## Exercise prompt
Your copy should begin with the line containing "Estetica modelului 732", end with the line containing "鳴子の雪景色を観ながら、足湯に浸かり全身ぽかぽかに。", match the listing below exactly, and contain no pictures.

## Supplied information

※

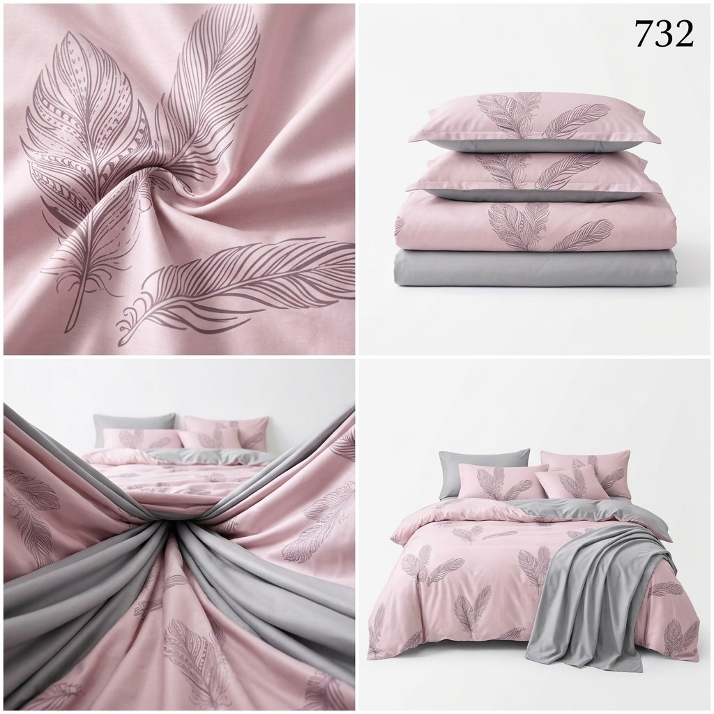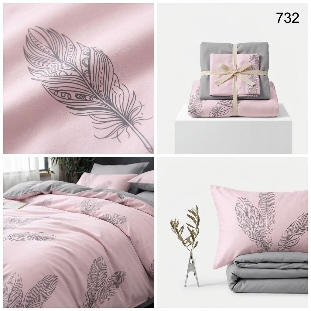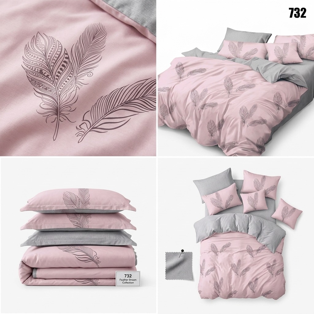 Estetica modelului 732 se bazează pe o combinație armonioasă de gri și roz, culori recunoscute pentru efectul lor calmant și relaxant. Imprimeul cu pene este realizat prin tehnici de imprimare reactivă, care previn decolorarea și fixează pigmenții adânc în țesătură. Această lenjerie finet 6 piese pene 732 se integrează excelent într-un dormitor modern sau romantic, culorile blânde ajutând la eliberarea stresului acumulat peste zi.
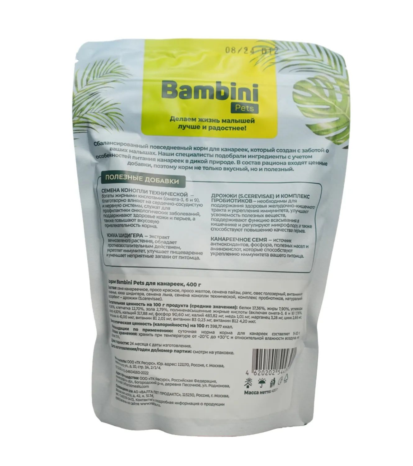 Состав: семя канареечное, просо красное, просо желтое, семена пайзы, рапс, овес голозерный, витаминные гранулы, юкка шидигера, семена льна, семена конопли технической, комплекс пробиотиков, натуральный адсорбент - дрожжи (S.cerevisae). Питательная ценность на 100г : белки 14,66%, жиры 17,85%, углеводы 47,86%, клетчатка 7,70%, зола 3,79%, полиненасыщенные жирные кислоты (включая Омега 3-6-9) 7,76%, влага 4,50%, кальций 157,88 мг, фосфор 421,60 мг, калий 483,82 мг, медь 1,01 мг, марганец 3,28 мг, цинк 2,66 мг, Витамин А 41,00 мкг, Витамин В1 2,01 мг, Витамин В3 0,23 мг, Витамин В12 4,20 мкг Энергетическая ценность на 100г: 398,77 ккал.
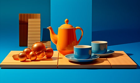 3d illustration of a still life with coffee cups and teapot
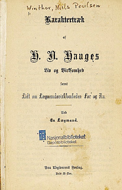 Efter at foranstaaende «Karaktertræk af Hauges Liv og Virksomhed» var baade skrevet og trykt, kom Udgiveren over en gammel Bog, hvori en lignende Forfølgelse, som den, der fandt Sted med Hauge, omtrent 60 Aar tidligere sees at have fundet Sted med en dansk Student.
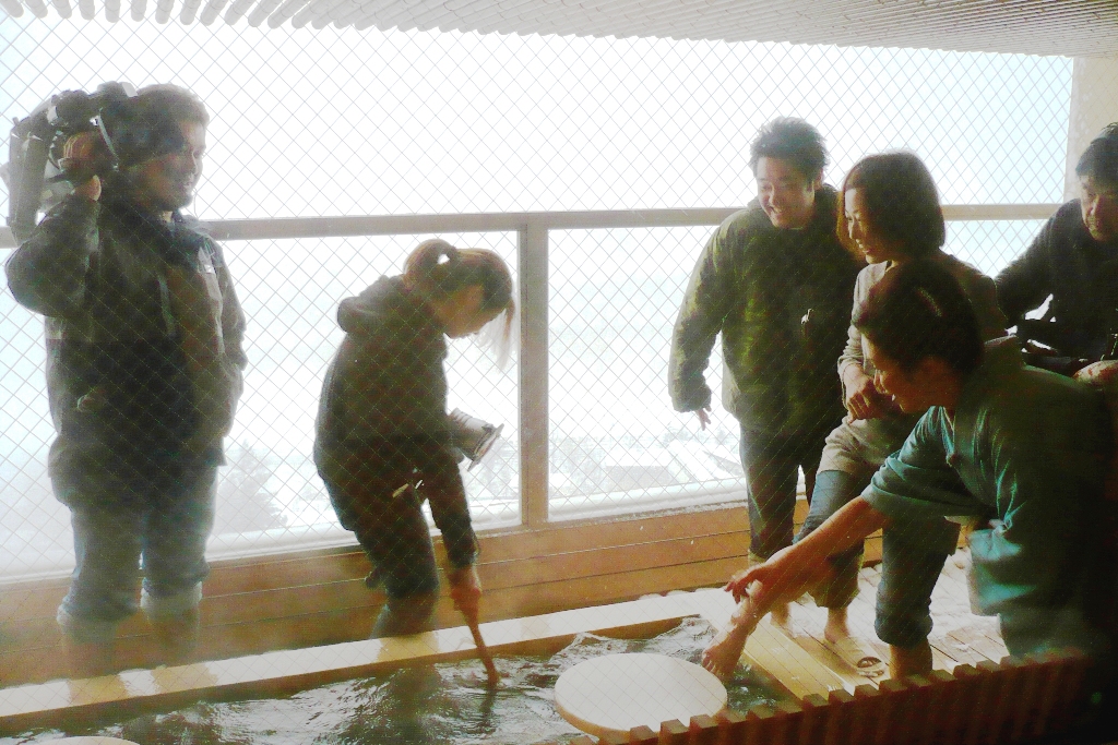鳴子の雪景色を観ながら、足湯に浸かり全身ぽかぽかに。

※

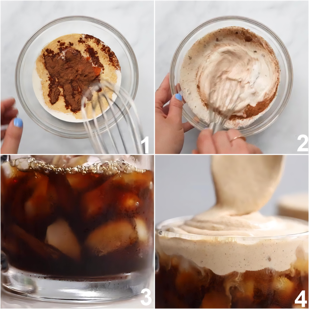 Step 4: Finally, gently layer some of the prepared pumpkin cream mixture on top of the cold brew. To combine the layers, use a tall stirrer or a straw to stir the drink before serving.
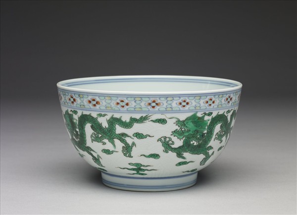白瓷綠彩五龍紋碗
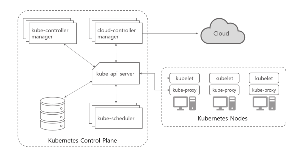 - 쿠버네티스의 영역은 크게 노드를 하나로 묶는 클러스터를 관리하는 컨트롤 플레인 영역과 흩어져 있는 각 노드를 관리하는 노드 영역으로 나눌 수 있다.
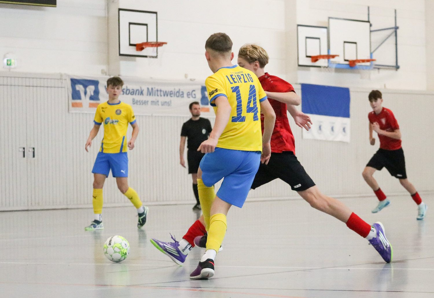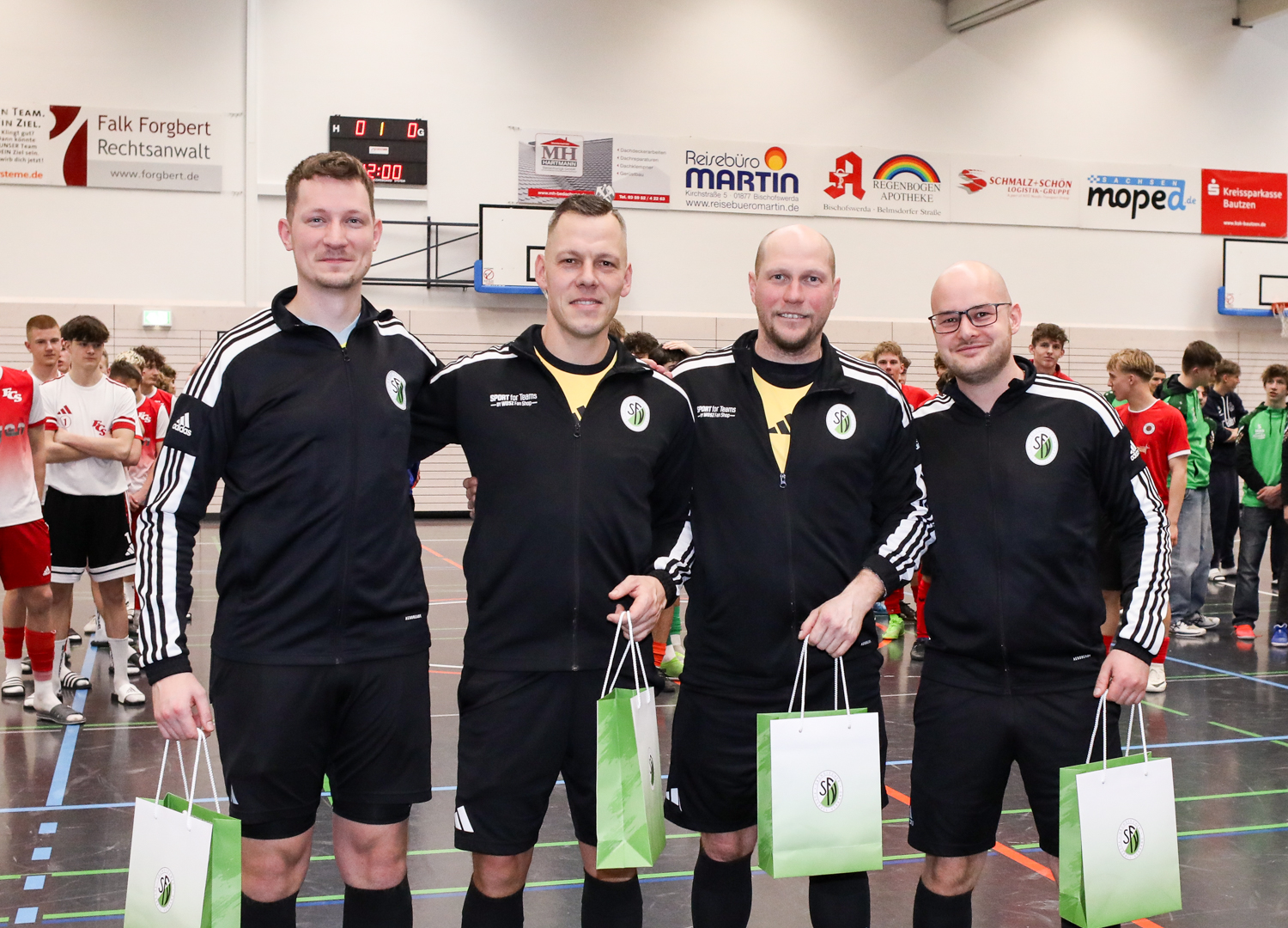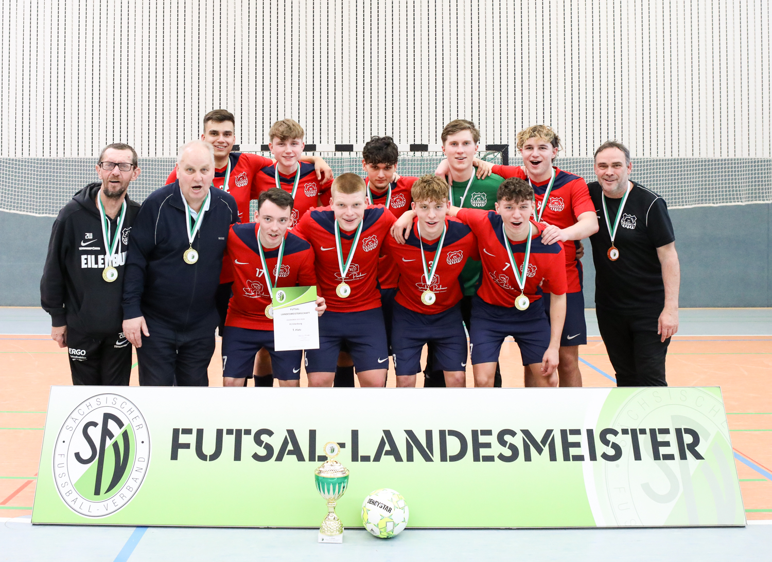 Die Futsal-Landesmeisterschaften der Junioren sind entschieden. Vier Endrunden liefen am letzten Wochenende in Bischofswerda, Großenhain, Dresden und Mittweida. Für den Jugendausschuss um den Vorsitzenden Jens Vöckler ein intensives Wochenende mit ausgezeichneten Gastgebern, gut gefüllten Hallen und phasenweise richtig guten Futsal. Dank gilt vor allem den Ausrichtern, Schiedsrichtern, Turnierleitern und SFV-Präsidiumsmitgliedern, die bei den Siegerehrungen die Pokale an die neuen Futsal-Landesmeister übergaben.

※

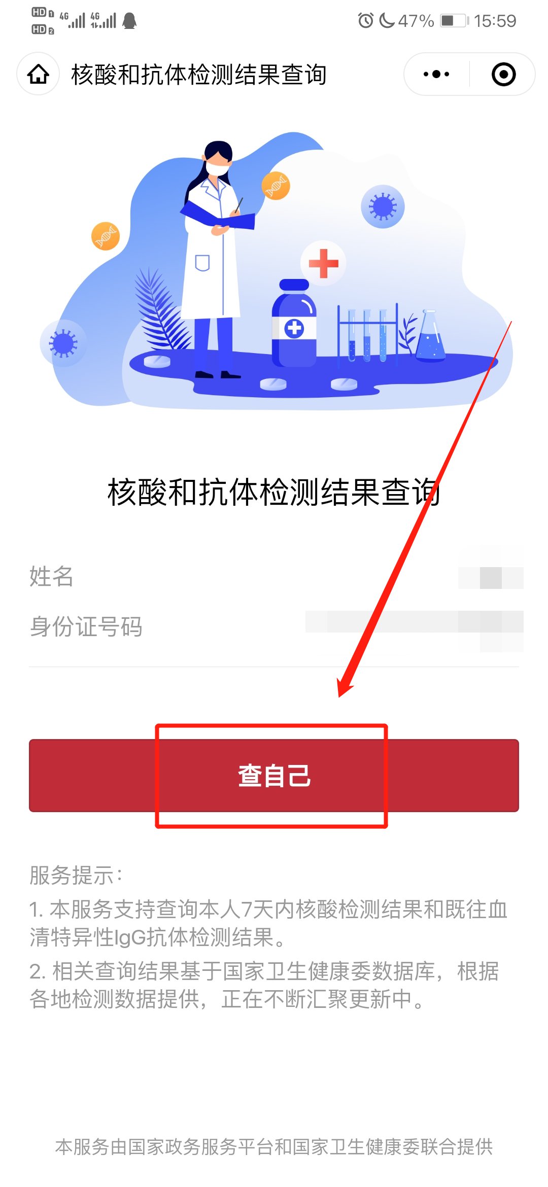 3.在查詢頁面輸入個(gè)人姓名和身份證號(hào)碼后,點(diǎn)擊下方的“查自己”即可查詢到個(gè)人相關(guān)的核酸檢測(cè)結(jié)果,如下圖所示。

※

## Response to this exercise
 Estetica modelului 732 se bazează pe o combinație armonioasă de gri și roz, culori recunoscute pentru efectul lor calmant și relaxant. Imprimeul cu pene este realizat prin tehnici de imprimare reactivă, care previn decolorarea și fixează pigmenții adânc în țesătură. Această lenjerie finet 6 piese pene 732 se integrează excelent într-un dormitor modern sau romantic, culorile blânde ajutând la eliberarea stresului acumulat peste zi.
 Состав: семя канареечное, просо красное, просо желтое, семена пайзы, рапс, овес голозерный, витаминные гранулы, юкка шидигера, семена льна, семена конопли технической, комплекс пробиотиков, натуральный адсорбент - дрожжи (S.cerevisae). Питательная ценность на 100г : белки 14,66%, жиры 17,85%, углеводы 47,86%, клетчатка 7,70%, зола 3,79%, полиненасыщенные жирные кислоты (включая Омега 3-6-9) 7,76%, влага 4,50%, кальций 157,88 мг, фосфор 421,60 мг, калий 483,82 мг, медь 1,01 мг, марганец 3,28 мг, цинк 2,66 мг, Витамин А 41,00 мкг, Витамин В1 2,01 мг, Витамин В3 0,23 мг, Витамин В12 4,20 мкг Энергетическая ценность на 100г: 398,77 ккал.
 3d illustration of a still life with coffee cups and teapot
 Efter at foranstaaende «Karaktertræk af Hauges Liv og Virksomhed» var baade skrevet og trykt, kom Udgiveren over en gammel Bog, hvori en lignende Forfølgelse, som den, der fandt Sted med Hauge, omtrent 60 Aar tidligere sees at have fundet Sted med en dansk Student.
鳴子の雪景色を観ながら、足湯に浸かり全身ぽかぽかに。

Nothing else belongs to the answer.